I had three pitch sessions in a row, and ... well the prior mentioned metaphorical bruised eye sockets pretty much sums up how those went.


But it was ok. I was still fine. I had one more chance on the final day before heading home. I just needed a few more edits and a really good night’s sleep. I was going to nail it!


...Which brings me to the part about the worst all nighter of my life.


I was editing late into the second night when I heard someone check into the room next door — on the side with the hole. After a few moments, the sound of the Home Shopping Network blared through the gap.


Annoying, but fine.


Then came a knock on my neighbor's door. Muffled voices. Door shut. Then, other noises started.


As a sincerely Catholic — and let’s just say unworldly — girl from the suburbs of Pittsburgh, it took me a several moments of slack-jawed denial to register what I was hearing.


Oh. Ew.


I’ve tried to block the details from memory, but suffice it to say my neighbor was loud. I remember thinking it entirely unnecessary for her to be so … vocal … while, just a few feet away, I desperately clung to what I believed was my one last chance to achieve all my hopes and dreams.


How was I supposed to edit to that soundtrack? I wasn’t writing that kind of book!

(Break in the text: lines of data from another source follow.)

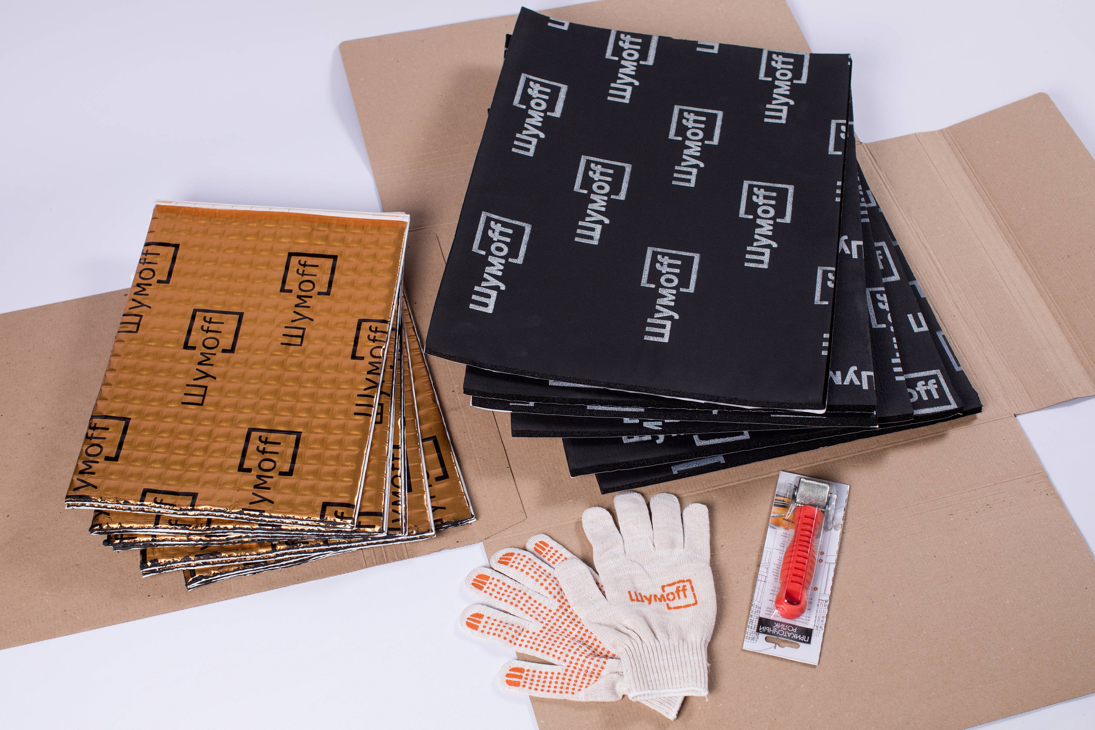 Набор для шумоизоляции пластиковых труб — В комплекте 11 листов виброизоляции, 6 листов тепло-звукоизоляционных материалов, ролик и перчатки.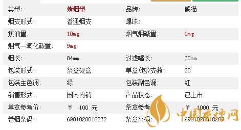 | 類型 :烤煙型 | 焦油量 :10mg | 煙氣煙堿量 :1mg | 一氧化碳量 :9mg |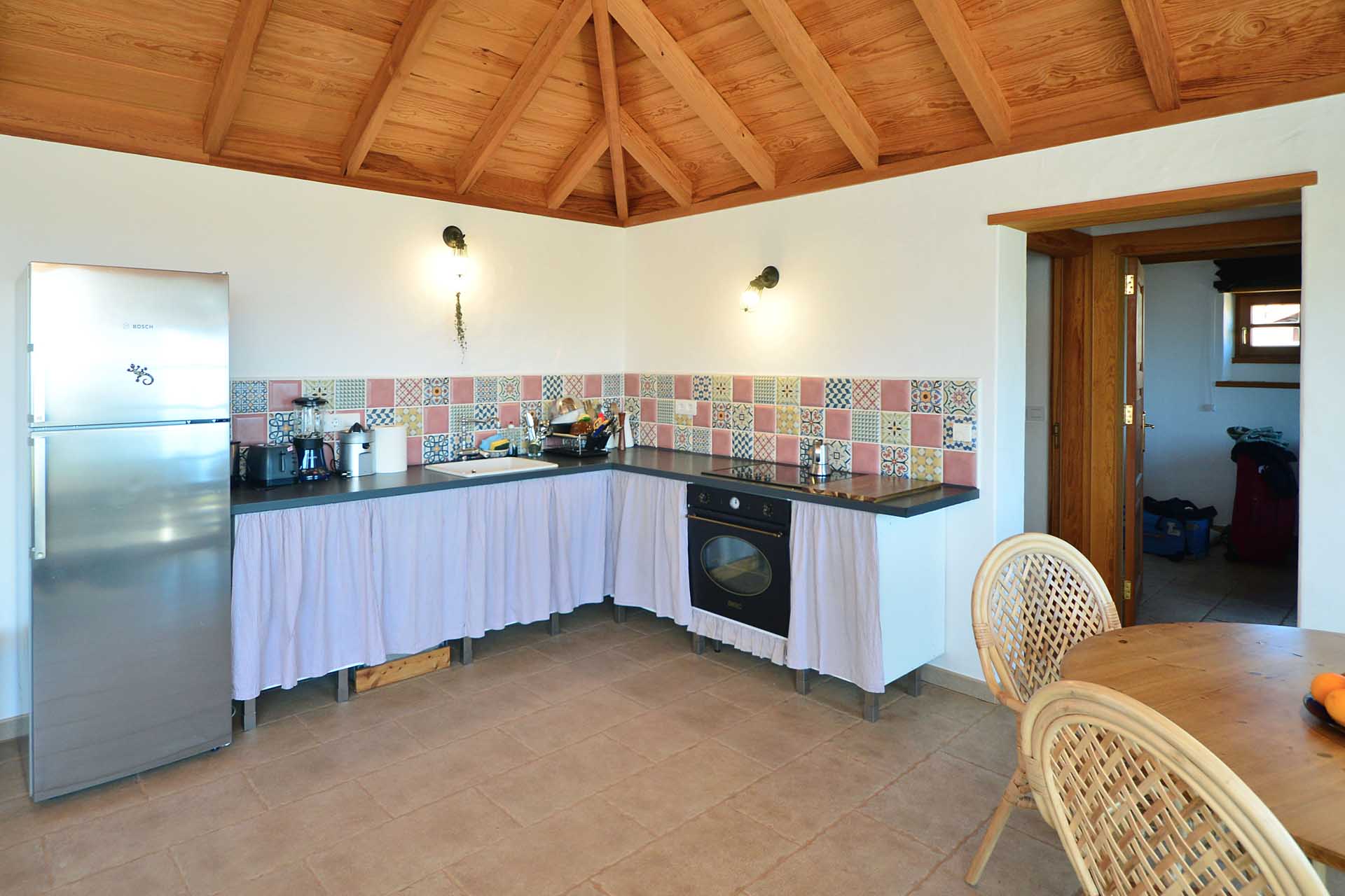 Wie auf den Kanarischen Inseln üblich, betreten Sie das Haus durch den Haupteingang oder die Terrasse und befinden sich gleich in der großzügigen Wohnküche – damit der Weg mit der Kaffeetasse in der Hand ins freie möglichst kurz ist. Der Wohnbereich zeichnet sich durch seinen wundervollen Meerblick aus, den Sie durch das tiefliegende Panoramafenster auch aus dem Sofa genießen können. Ein sehr schöner Essplatz, ebenfalls mit Meerblick, befindet sich gleich neben der verglasten Terrassentür.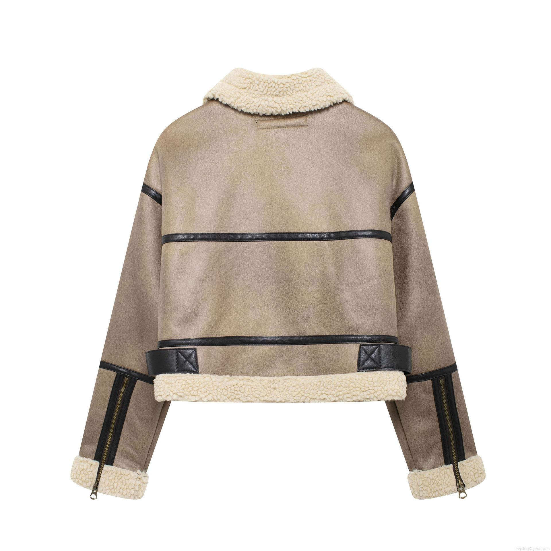 Women Retro Faux Suede Shearling Aviator Jacket Vintage Motorcycle Style Lapel Collar Zipper Fly Short Coat Warm Winter Outwear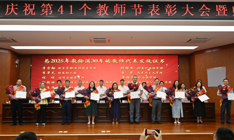 9月9日,在第41个教师节来临之际,我校在育才校区举行2025年教师节表彰大会暨师德论坛。大会以“以教育家精神铸魂强师,谱写教育强国建设华章”为主题,旨在深入学习贯彻习近平总书记关于教育的重要论述,大力弘扬教育家精神,表彰先进典型,交流育人经验,共同展望学校教育事业发展蓝图。校党委副书记、校长孙杰远出席会议并讲话,全体在家校领导、校党委常委参加表彰大会。大会由校党委副书记黄文韬主持。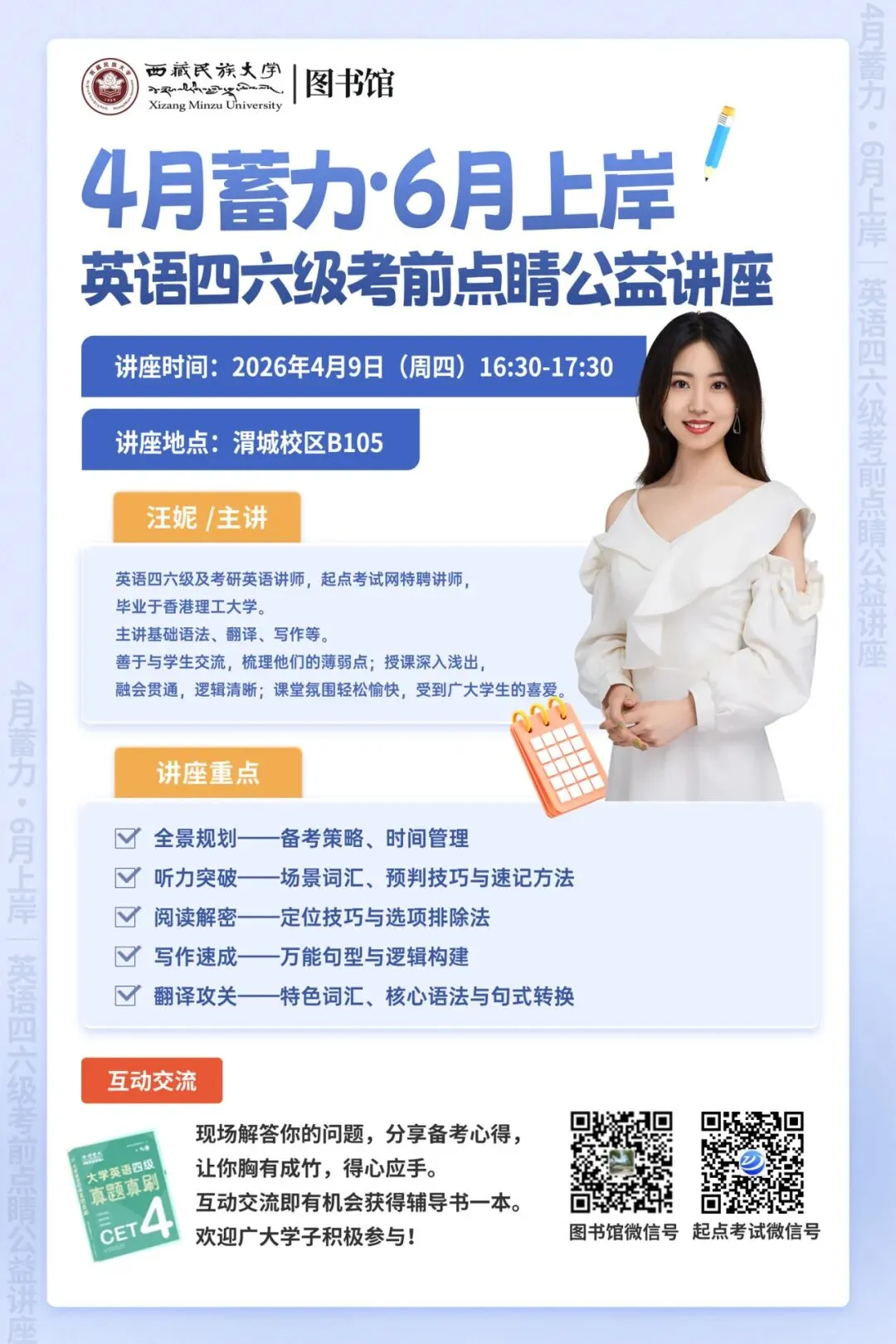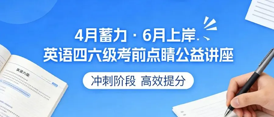 别慌!图书馆专为同学们量身打造的英语四六级考前点睛公益讲座!拒绝无效内卷,解锁应试秘籍,让你在4月高效蓄力,6月稳稳上岸!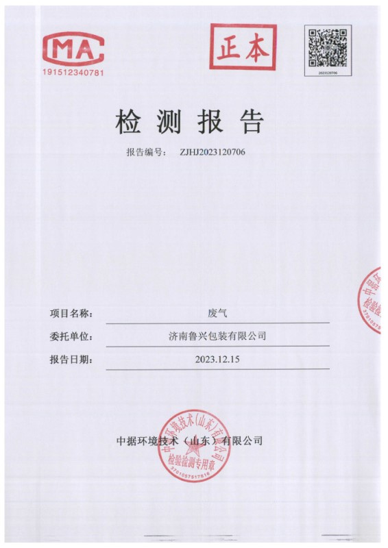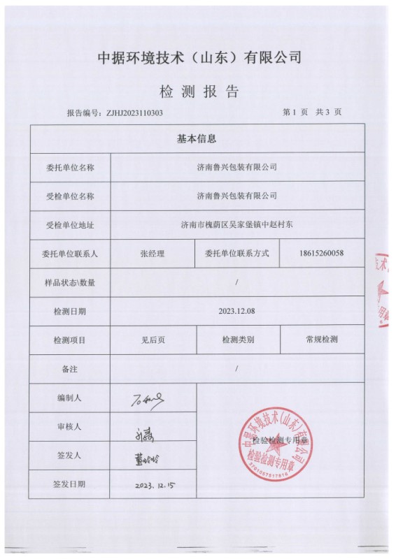 2024年1月魯興包裝檢測(cè)報(bào)告

But surely it would end eventually, right? And it did. The door opened, slammed, and the glorious sound of the Home Shopping Network resumed.

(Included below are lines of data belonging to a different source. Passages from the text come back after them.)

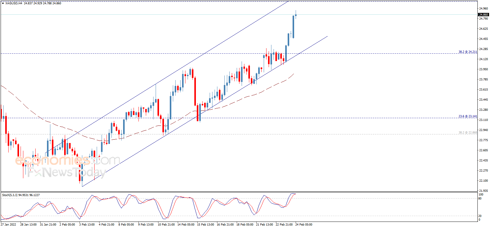 24K99讯 周四(2月24日)亚市尾盘,因俄乌开战令市场避险情绪急剧升温,现货白银大幅上涨,银价现报25.00美元/盎司附近,日内飙升近2%。知名财经资讯网站Economies.com周四最新撰文,对日内白银走势进行前瞻分析。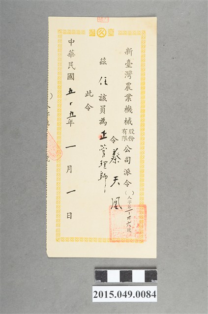 2015.049.0084 蔡天凰新臺灣農業機械股份有限公司派令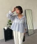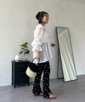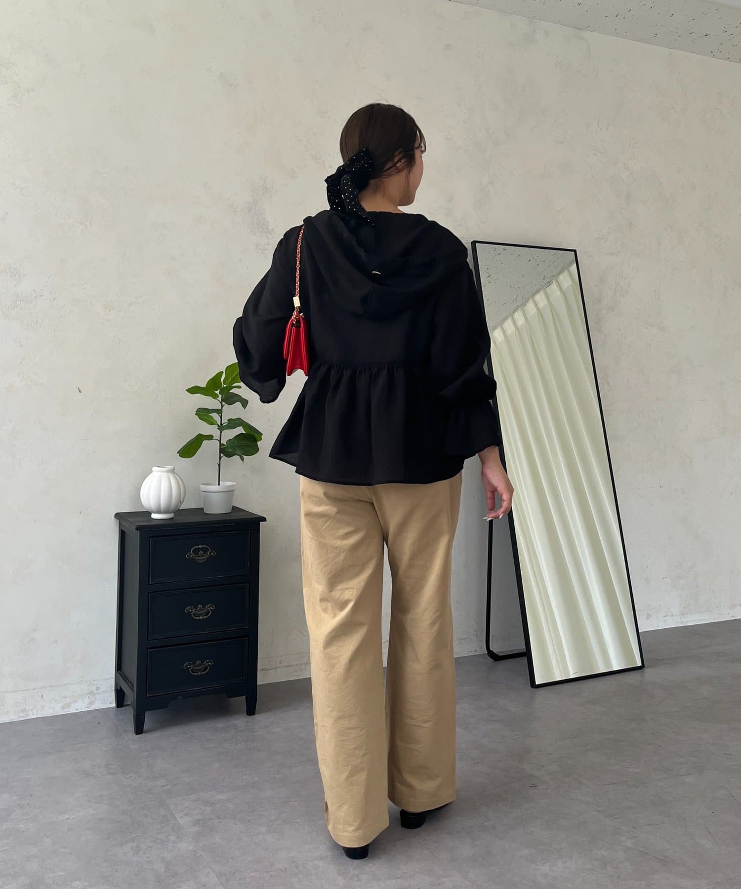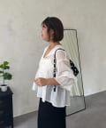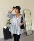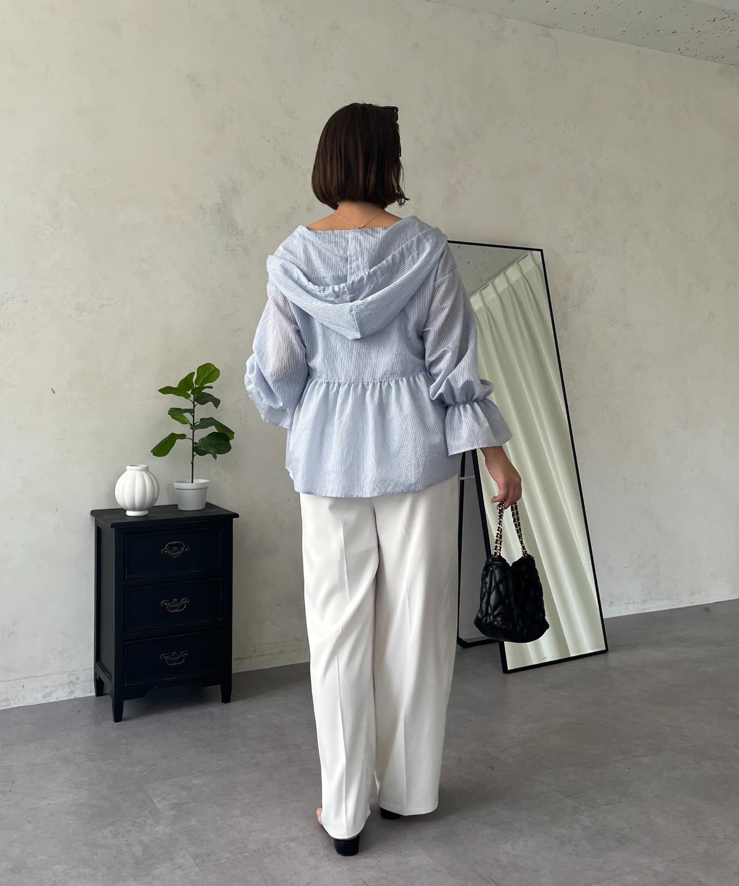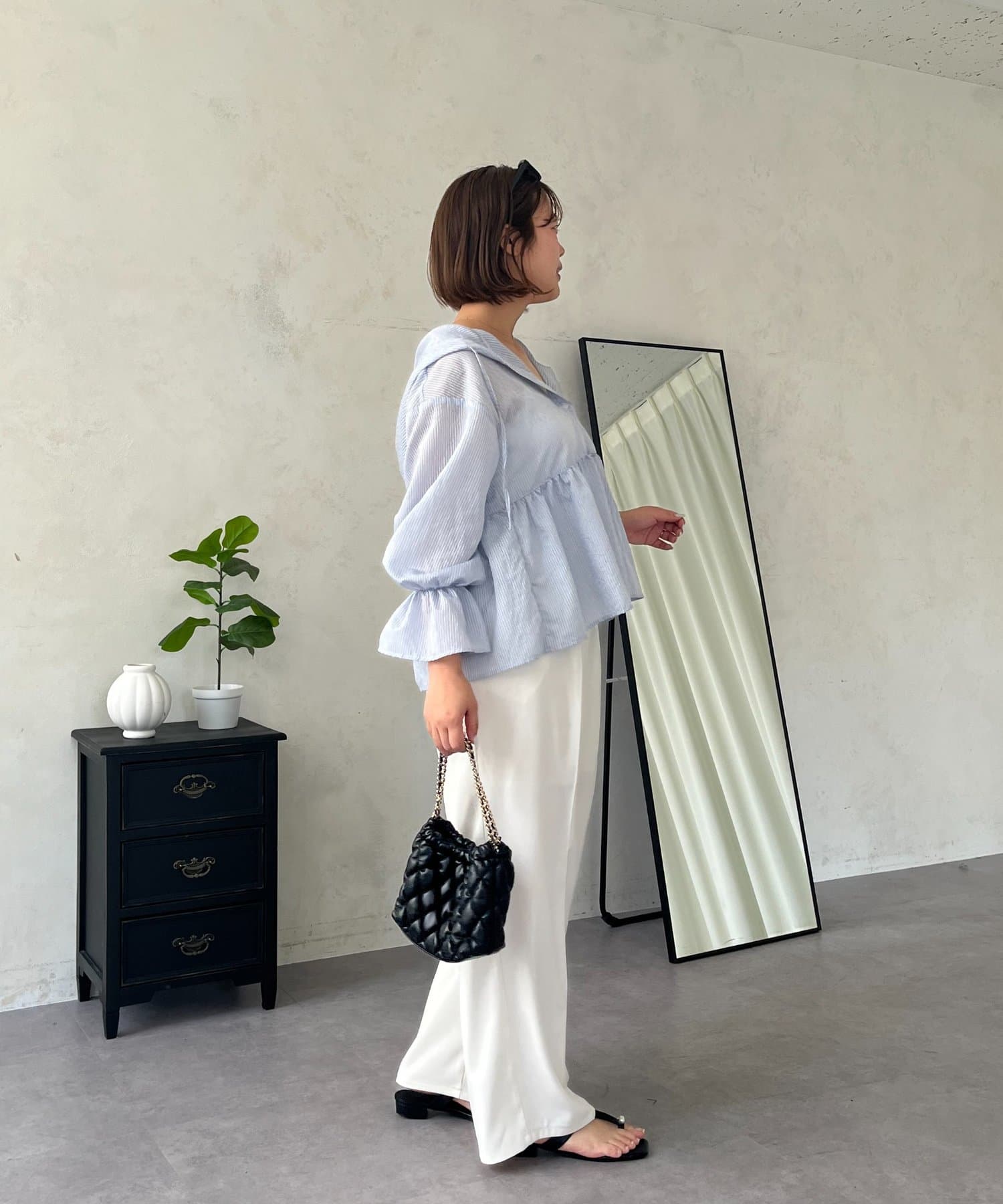 ●カジュアルすぎないように、キャンディースリーブとペプラムシルエットで

I sighed in relief. Until…


Another knock.


No.


The pattern lasted all night: Home Shopping Network. Knock. Noises that made my soul cringe and the last of my innocence die.


I didn’t sleep. I wasn’t prepared.


Weirdly, my final pitch went better than the others. The editor laughed out loud — in a good way — and told me that my writing was clever and funny … and that no one would ever buy my book.

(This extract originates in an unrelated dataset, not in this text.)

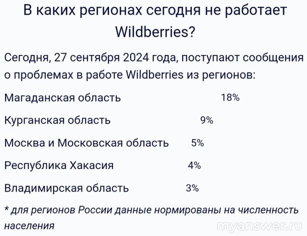 Однако, я смотрю статистику по регионом России, и 27.09.2024 жалобы поступают пользователей из Владимирской, Магаданской, Курганской областей, а также из Москвы и Московской области, Республики Хакасии. В выше обозначенных регионах России наблюдаются проблемы в работе сайта Вайлдберриз. Я бы рекомендовал пытаться зайти позже на сайт, явно сбой временный, восстановительные работы пройдут быстро.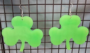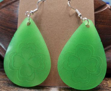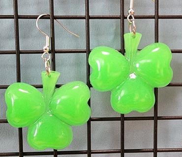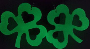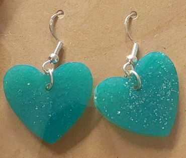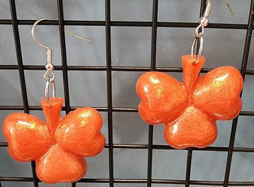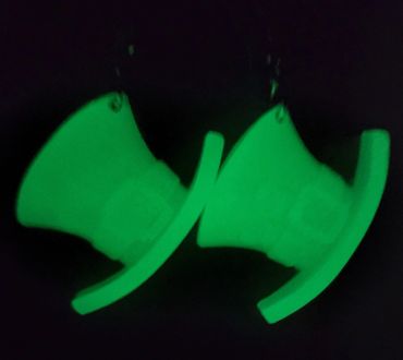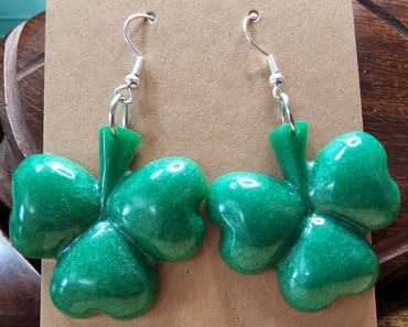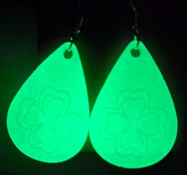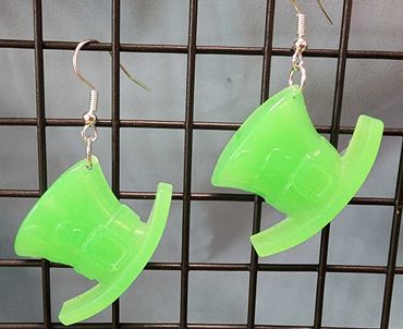 Our earrings are made from an epoxy / resin mix, and sometimes sprinkled with a material that will glow in the dark. We also use glitter, or other items to dress up the product.

Because that’s the kind of feedback you get as a writer.


I stormed out of the conference vowing to never write again. Never!


I got on the Megabus heading home defeated, sleepy, and more than a little scarred. Minute after sad, wallowing minute, the miles flew by. My mind wandered. Maybe the bus would drive off a cliff. Or burst into flames. Or crash into a tanker truck full of chemicals.


Wait — what if those chemicals gave us all superpowers? And what if it wasn’t the chemicals that transformed us after all; it was actually all part of a big government conspiracy to create superhumans? … That’d be cool.


And there, with only the intermittent flashing streetlights to see by, I took out a notebook and began to write. My vow was already forgotten. It's hard to explain the feeling, exactly. It was like this gentle nudge. But it was enough.


Looking back, I know exactly where that nudge came from. God knows what we need even when we try deny ourselves.


Over the next few months I finished an entire YA novel about a bus full of attractive teenagers who, after a horrible accident, discovered they had superpowers.


It was truly terrible.


But it was what I needed to move on to the next thing, which showed more promise. Then the next thing, which was almost good. Then the next. And the next.


Hoodwinked is not terrible. I’m cautiously optimistic that it might even be really quite good.


Also, there have been no unsolicited, illegal nighttime activities in my proximity during this pitching process. (So far.) That’s progress I think.


So maybe this book goes nowhere as well. Maybe it does. Either way, I’ll keep writing and pray that God keeps nudging.